In 1960s, Britain, Family, Food, India, Inter/Transnational, Stories, United States on March 25, 2012 at 1:11 am

Clean Your Plate, Save the World? (in.reuters.com) Photo: Reuters/Romeo Ranoco/Files

My father has always had a horror of waste. If my sister or I left any food on our plates he would feel compelled to finish it for us. There was no need for him to mention the children starving in India—we saw them all around us every day. Whenever we went to the IIT students’ hostels for special functions, which always included delicious dinners, we saw the children scrambling to polish off any scraps of food left on the plates after the feast.

My mother taught thrift by example. When she cooked, she made everything from scratch. On the rare occasions she made pancakes, always a special treat in 1960s India with food rationing and white flour a precious commodity, she gave us all the perfect ones and ate only the rejects, usually the first and the last. She didn’t talk much about the poverty of her childhood, focusing instead on special treats and times of plenty; but quite recently she mentioned something in passing that spoke volumes. I was washing and chopping mushrooms, perhaps to make a mushroom gravy for a lavish Thanksgiving spread, when she observed that she didn’t see a whole mushroom until she was an adult, since her mother could afford to buy only the stalks. It shames me to think of how much of the mushrooms I waste when I clean and prepare them, sometimes throwing the stalks away entirely.
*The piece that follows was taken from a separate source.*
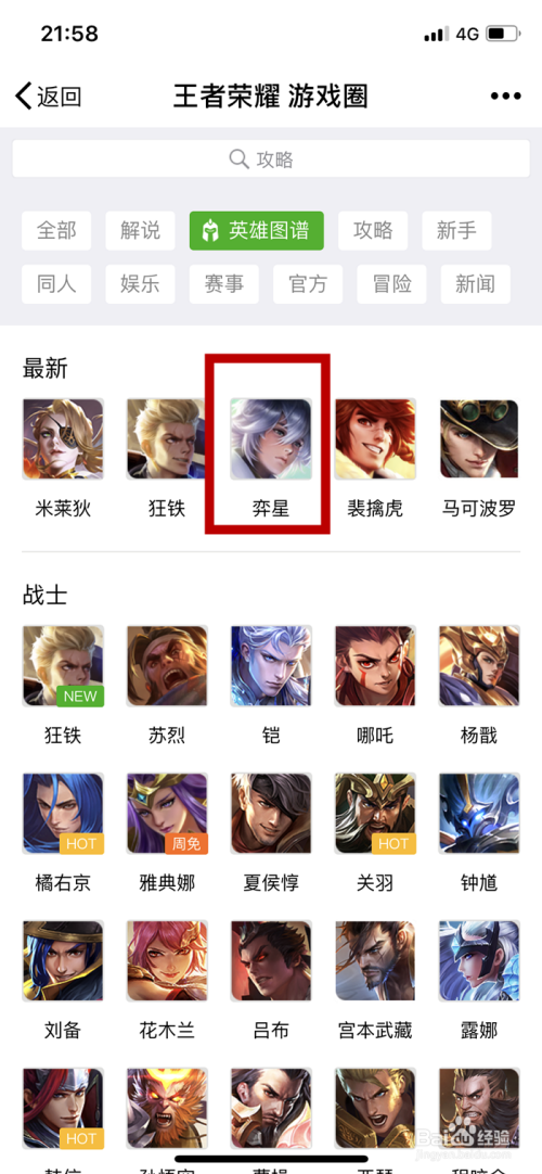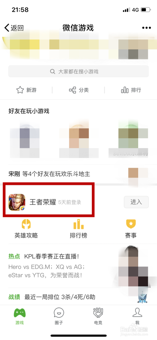这时可以看到各种游戏的战报,我们选择王者荣耀,可以看到它的下方有个【英雄攻略】,点击它

photo: Tyrone Turner    kidsblogs.nationalgeographic.com

Of course, the horror of waste can go too far. Forcing oneself to eat food one doesn’t want or need is neither good for one’s own health nor does it feed starving children. And if one composts organic waste, it is not wasted but returns to enrich the soil. Nevertheless, a culture of waste squanders precious resources, increases food prices, puts increased pressure on farmers, and breeds bad habits that multiply and perpetuate the problem. According to the Natural Resources Defense Council, the average American throws away 40 pounds of food every month. I know that I buy food and, rather than constructing the week’s meals around what I have in the fridge, forget it until it’s too late. We would do well to recall the thrift of our parents’ generation.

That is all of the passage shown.